While the exhibition will still hold some of the image-based works that he has become known for - and has seen him work with the likes of fashion house Givenchy, high-end department store Bergdorf Goodman and music megastar Beyonce, among others - they will be presented alongside abstract pieces.
It is a first for the artist, who usually - even when working on commissions - creates definite images in his work.
"For the most part, up until now, most of the work I've done with this material has been image-based, and what I enjoy about that is the construction challenge - trying to achieve an image out of basically a single piece of tulle," Shine says.
"But what I've always wanted to do from the very outset, was simplify that even further. Even though it was possible to create images, there are inherent qualities in the fabric and the sort of emotional feelings that it would convey, that I just loved by itself.
"But I never really had the balls to go there. I always felt I needed to do something a little bit more relatable for people to connect with before going to that kind of extreme.

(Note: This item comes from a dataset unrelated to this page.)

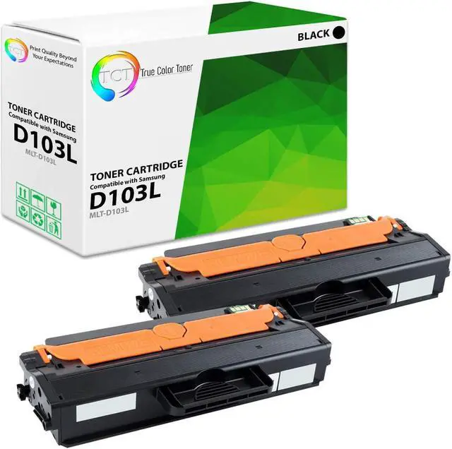 TCT offers quality Samsung MLTD103L MLT-D103L High Yield compatible replacement cartridges that fit effortlessly into your printer. You will find crisp, clear prints with consistently dark tones and sharp images in every single print job. Get professional quality prints every time and save a bundle with True Color Toners high quality printing supplies!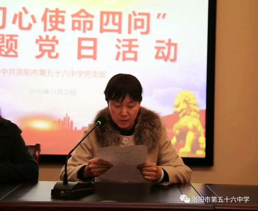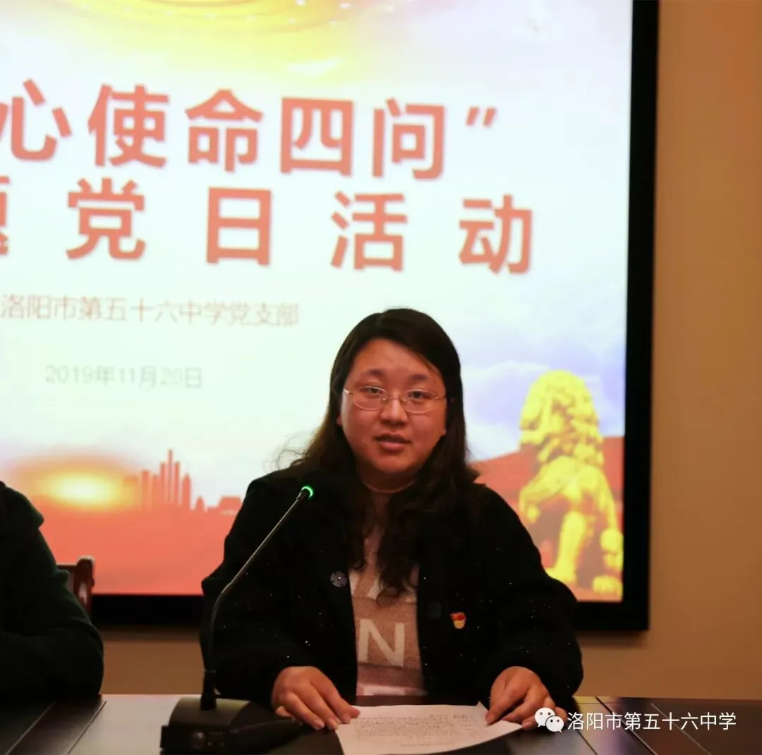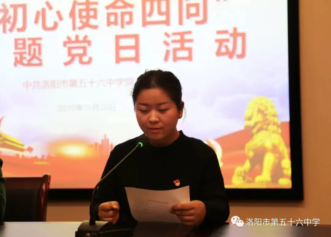 活动第三项,党员教师代表围绕“初心使命四问”进行发言。

"This year it all came together and I figured out there were a couple of very, very refined simple ideas that I'm very excited to show."
It shouldn't come as a surprise that Shine knows how to create masterpieces out of material. The artist studied fashion at Central Saint Martins in London, and it was while he was studying there that he decided he would one day do something impressive with tulle. And that he did.
He has made a career out of tulle and tulle-look works, like the sculpture he created of him and his wife for their wedding. Resembling two floating white tulle ribbons meandering through the venue before their faces emerge, Entertwined was made out of metal mesh.
But despite almost two decades working with and being inspired by the material, he is still finding new ways to create with it.
Take the two different types of works in Defining Moments. The image-based works have a definite goal - to make a piece that resembles a person - and Shine goes about using an iron and thread to produce that. The abstract works, however, are all about capturing the material in its natural state.
"I throw the fabric in the air and wherever it lands that is the composition," Shine says.
"I then use blocks and they go exactly where they have to go. It's dictated by where the fabric has landed so that it secures that organic shape permanently. And that all plays into this idea of defining moments and suspending a moment in time.
"There is as much thought that goes into both, but they're very different practices."
Even the more image-based pieces in Defining Moments err on the side of abstract.
Yes, the works resemble faces, and yes, all the features are in the right location.
But, Shine is very intentional in creating faces that don't resemble anyone in particular.
This is perhaps because a lot of the works will - after being exhibited at Fyshwick's Grainger Gallery and in other locations in Europe - eventually have a life as public art in a Monaco hospital. The hope is the works will bring sense of calm to what can be a stressful space.
"They're anonymous faces and that's the point of it," Shine says.
"What I've done to sort of strengthen that concept is to make sure all the eyes are closed, because I do a lot of portraits as well and the eyes are probably the number one thing that makes a person feel like they are someone real and recognisable, and it gives them personality.
"When you close the eyes, that seems to cut that whole thing off. And that's very important for these works.
"I didn't want it to be about a recognisable person that we know or we get a real sense of. It's supposed to be a lot more suggestive and just indicative of someone at peace in that calm."